Traders in Houthi-controlled areas have called for an open strike starting on Wednesday to protest against the rebels’ decision to ban trading with new currency notes issued by the internationally recognized government in Aden.
Workers at local exchange companies told Arab News on Monday that they would shutter businesses until Houthis revoked the decision or provided them with the old notes.
The strike would be the biggest act of civil disobedience against Houthi suppression since the Iran-backed rebels seized power in late 2014.
The Houthis recently banned people from using the newly printed notes, asking them to replace their notes with a virtual currency called the “electronic riyal.” The move has caused widespread anger, with people leaving Houthi areas with their cash to avoid confiscation.
The Yemeni government in Aden has condemned the decision, calling it a pretext for ripping off people and warned against trading with the Houthi currency or handing over money to the Houthis. Several cabinet ministers did not respond to Arab News requests to comment on the decision.
Speaking to Arab News from inside Houthi-controlled areas, people expressed anger as many have kept their savings in the new notes. If they comply with the Houthis, they will be broke overnight.
“The people in the Houthi-controlled areas are experiencing a complex frustration,” a Yemeni journalist who lives in a Houthi-controlled city told Arab News on condition of anonymity for fear of reprisals.
“People face various security and economical troubles caused by the Houthis. They imposed the decision, indifferent to the already deteriorating humanitarian situation,” he said, adding that a large number of people refused to hand over their new notes to the Houthis, fearing bankruptcy or hunger.
Residents say that the decision has created a black market where the new notes are changed with old ones at a lower price. Other residents have resorted to buying hard currencies from the black market at inflated rates. Some are smuggling themselves into government-controlled areas with bags of cash that they deposit into bank accounts or replace with old notes.
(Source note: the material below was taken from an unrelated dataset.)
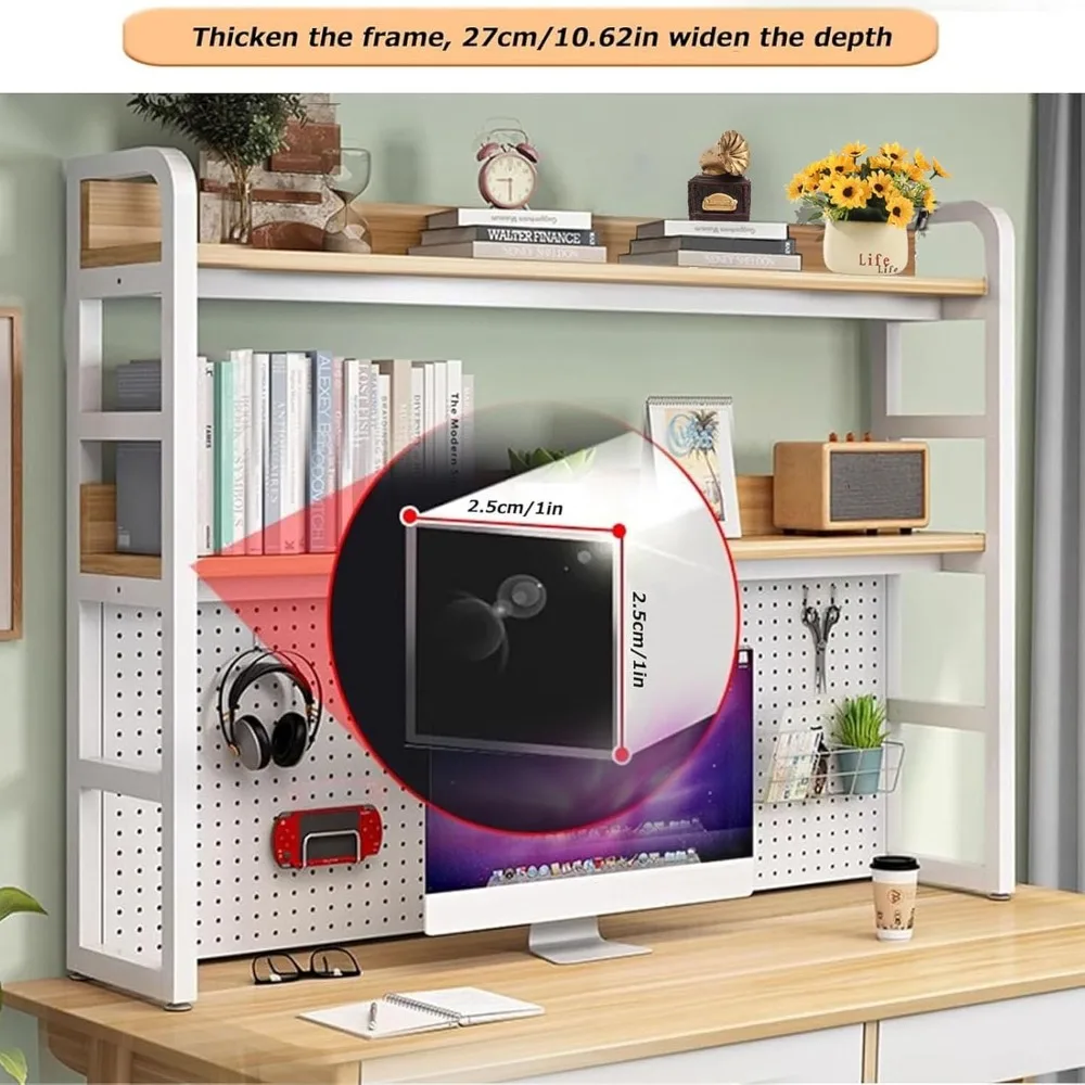 - 【Optimize Desktop Space】:3-layer storage space, with a metal perforated plate design at the bottom, to store small desktop items and let them float, saying goodbye to a messy desktop. Plan the countertop space easily and reasonably, store needed items, and access them quickly and clearly.

A trader in Sana’a who had 8,000,000 Yemeni riyals ($32,000) in the new notes traveled to the central province of Marib to replace them with old notes.
In September 2016, Yemeni President Abd Rabbo Mansour Hadi moved the central bank headquarters from Sana’a to the southern city of Aden to stop Houthis plundering its reserves. From its new headquarters, the bank printed new notes when the country was experiencing a severe cash crunch. The Houthis deemed the new notes illegal and accused the government of sinking the market with liquidity.
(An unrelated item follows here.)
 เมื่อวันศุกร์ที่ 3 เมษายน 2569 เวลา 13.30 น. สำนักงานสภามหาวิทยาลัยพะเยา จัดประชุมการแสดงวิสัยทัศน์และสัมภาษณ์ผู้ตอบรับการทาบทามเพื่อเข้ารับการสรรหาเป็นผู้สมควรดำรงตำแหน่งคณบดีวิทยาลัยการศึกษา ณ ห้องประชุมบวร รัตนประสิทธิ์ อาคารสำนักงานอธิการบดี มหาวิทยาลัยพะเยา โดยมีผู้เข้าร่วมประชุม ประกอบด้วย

Experts say that the Houthi decision would have disastrous effects on the country’s troubled economy, stabilization of the currency and people’s lives.
“This decision is disastrous, improvizational and illogical and will have a wider negative impact on the economy,” Mustafa Nasr, director of the Economic Media Center, told Arab News on Sunday, adding that the Houthis would fail to impose their decision due to public mistrust.
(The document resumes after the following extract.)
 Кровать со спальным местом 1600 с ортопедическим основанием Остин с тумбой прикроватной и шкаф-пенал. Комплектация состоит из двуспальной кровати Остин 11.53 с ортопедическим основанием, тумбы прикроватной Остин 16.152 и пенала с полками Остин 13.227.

“The Houthis cannot cancel a circulating currency or initiate another one in the same country mainly with the scarcity of the old notes,” he said, arguing that the Houthis are using the currency as leverage to pressure the Yemeni government in Aden to deal again with the central bank in Sana’a.
“The Houthi group would not be able to put into place their electronic riyal. They are using this as a pressure tool on the international community and the internationally recognized government (of Yemen) to restore the central bank in Sana’a.”
Shortly after the Houthis began confiscating the new notes, banks and exchange companies suffered cash problems, triggering them to increase remittance charges five times.
Nasr warned that the larger impact of the Houthi decision would be on the stabilization of the currency, affecting everyone in the country.
“It puts the country’s economy in the wind by undermining monetary policies that led to the stabilization of the riyal this year. It will stifle the private sector and force it into using under-the-table options,” he said.